Importante, la collection comprend plus de 1000 machines à écrire, 150 machines à calculer, de nombreux accessoires retraçant l’histoire du bureau, mais aussi de la documentation, des archives, des publicités, des prototypes et de l’outillage. Elle se caractérise par un riche patrimoine Paillard Hermes, le fleuron de l’industrie du Nord vaudois durant des décennies. Ouverte aux productions internationales, elle rassemble des machines mythiques des débuts de la production industrielle (fin du XIXe siècle), des machines qui ont marqué le XXe siècle par leur utilisation dans les bureaux ou à domicile et des exemplaires d’exception à l’exemple des machines à écrire en braille, fabriquées à Lausanne pour l’Asile des aveugles. Enfin, plusieurs pièces rappellent leurs célèbres utilisateurs: deux Swissa Junior ayant appartenu respectivement à Jean Anouilh et Egon Lauer, traducteur en russe de la correspondance de Georges Simenon ou l’Olympia SG1 de Madame Walt, championne de France de marathon dactylographique en 1956.

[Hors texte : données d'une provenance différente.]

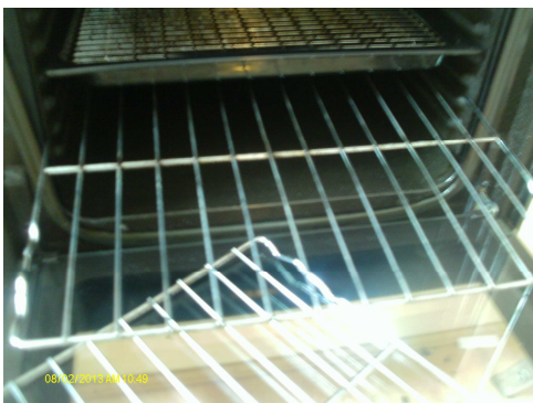
Shelves after clean

Un nouvel inventaire est engagé. Ce travail, orienté sur la documentation technique et visuelle des pièces, permettra de proposer sa consultation en ligne pour faciliter le travail des chercheurs et du public tout en simplifiant la gestion des prêts.
La machine à écrire est une pièce importante du patrimoine local. Elle atteste également des progrès techniques, mais aussi de l’histoire sociale du XXe siècle. L’arrivée de la machine à écrire dans les bureaux a marqué de manière significative l’évolution du travail des femmes en leur donnant l’opportunité, au début du siècle, d’accéder à un monde souvent réservé aux hommes. Jusqu’à l’arrivée de l’informatique, la secrétaire était un pilier central de la vie de bureau, comme l’attestait encore récemment la série Mad Men.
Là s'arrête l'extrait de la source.